Category: SaaS

  • Rise of the Browser Add-on Business

    Now that Google Chrome and Firefox have healthy, active extension / add-on marketplaces, we’re starting to see more companies build businesses that interact with data and services from other web apps with the browser add-on being a critical component. Here are three popular examples:

    • Rapportive – Adds a sidebar in Gmail that shows rich contact profiles and information (e.g. social profiles, LinkedIn data, etc). Rapportive was acquired by LinkedIn.
    • Boomerang for Gmail – Enables scheduling emails for delivery at a date / time in the future as well as generating reminders if an email doesn’t receive a response.
    • SalesLoft – Enables fast and efficient capture of data returned in Google search results for the purpose of building prospect lists as well as integrating the data into a CRM (Disclosure: I’m an investor).

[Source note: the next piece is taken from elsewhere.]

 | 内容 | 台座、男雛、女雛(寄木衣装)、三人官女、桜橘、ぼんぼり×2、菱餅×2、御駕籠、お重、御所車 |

    Over time, I expect more products will emerge as browser add-ons that take advantage of data and interactions with existing web apps to provide substantially more value.

    What else? What are some other examples of browser add-ons that you like?

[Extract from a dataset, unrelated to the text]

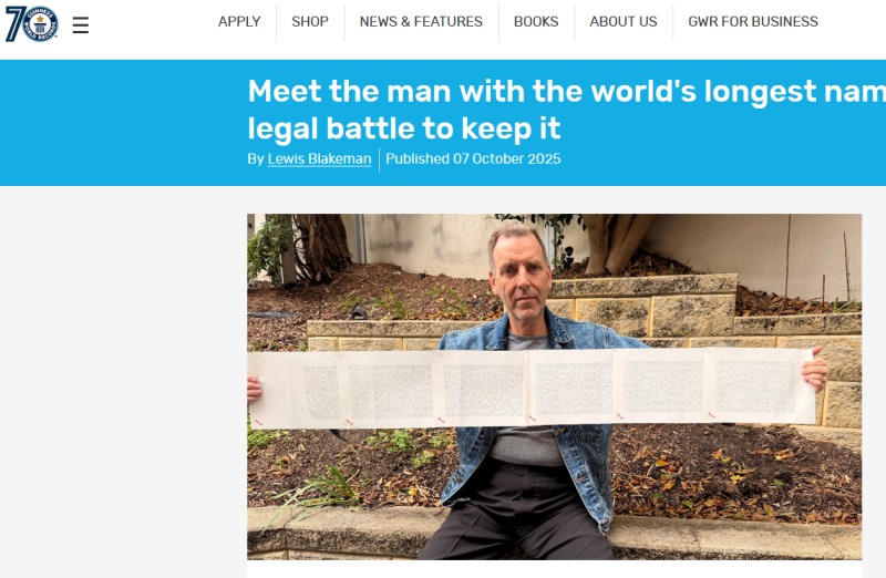 Обладатель самого длинного имени в мире, Лоуренс Уоткинс, был вынужден биться за него во время судебного разбирательства, чтобы официально закрепить за собой свой необычный рекорд. Его полное имя, состоящее из 2253 слов и занимающее около шести страниц, было признано Книгой рекордов Гиннесса, но путь к этому достижению оказался долгим и потребовал апелляции в высшую судебную инстанцию, сообщает официальный сайт Guinness World Records.

  • New SalesLoft Prospector Product

    SalesLoft has a new Prospector product designed to make it easy to build high quality lists of prospects based on results from Google searches (Disclosure: I’m an investor in SalesLoft). As background, one of the biggest challenges for sales people is getting targeted lists of potential prospects that fit the ideal customer profile. There are many data sources out there but the information is often out of date.

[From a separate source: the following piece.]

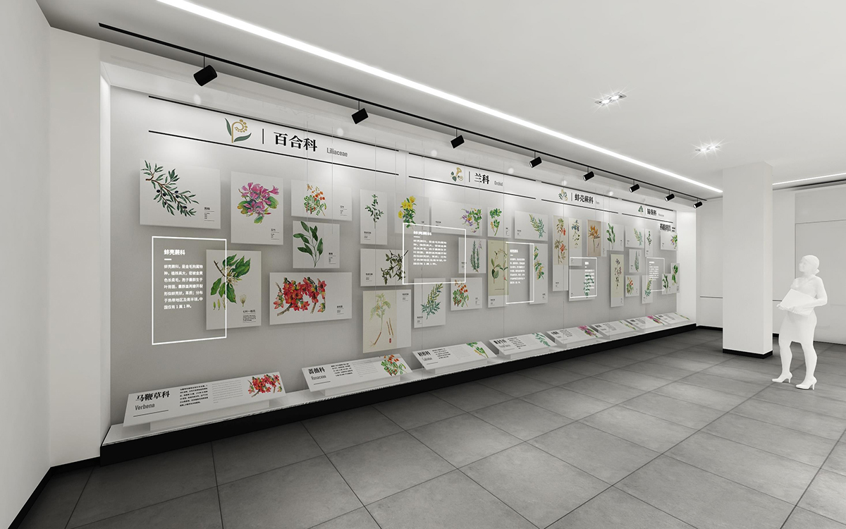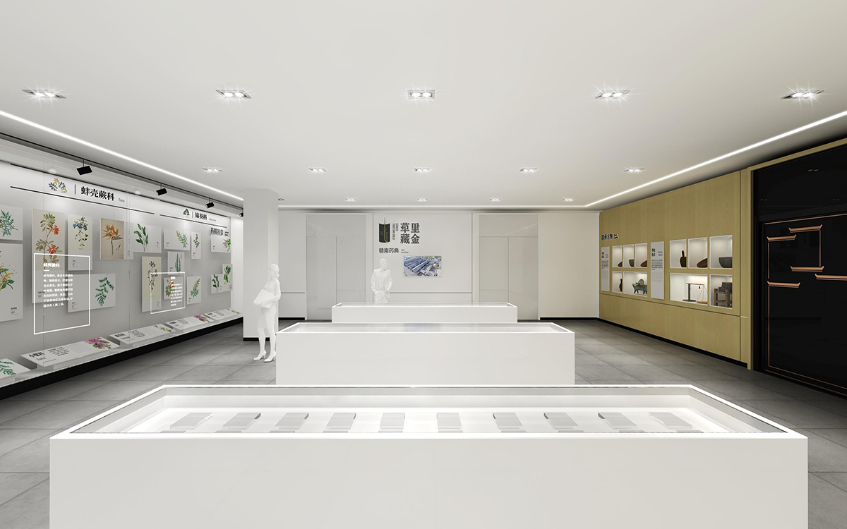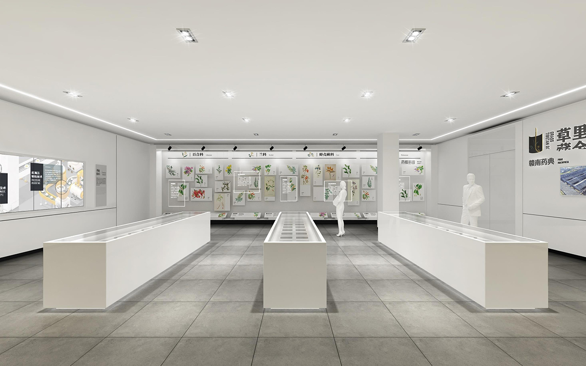 文豐裝飾的設(shè)計(jì)師從“天、地、人”這三個(gè)方面來設(shè)計(jì)和規(guī)劃贛南藥用植物應(yīng)用博物館,在展廳裝修設(shè)計(jì)中以“植物”為元素,整個(gè)展廳裝修設(shè)計(jì) 可以達(dá)到最大利用地展覽藥用植物,而設(shè)計(jì)元素則從“葉(植物)、瓦(文化)、光(科學(xué) )”來進(jìn)行提煉,綜合解決使用功能、視覺感受、經(jīng)濟(jì)效益、風(fēng)格特征等種種要求,以人為本,滿足把人對(duì)室內(nèi)環(huán)境的需求。整個(gè)區(qū)域分為六個(gè)主題:序廳、企業(yè)區(qū)、科普區(qū)、未來區(qū)、過渡期以及展銷中心。

    The SalesLoft Prospector idea is really straightforward. LinkedIn has the best, most up-to-date information on professionals, and Google caches the public LinkedIn profile pages. So, provide a tool that takes the data from the Google results, puts it in a spreadsheet or CSV for a CRM, and augment it with phone numbers and email addresses via a third-party data sources. The end result is the best semi-automated list building tool on the internet.

    SalesLoft Prospect Interface

    So, the next time you hear a sales rep complain about the quality of their lists, have them give the SalesLoft Prospector a try.

    What else? What are your thoughts on generating lists of potential prospects and the SalesLoft Prospector tool?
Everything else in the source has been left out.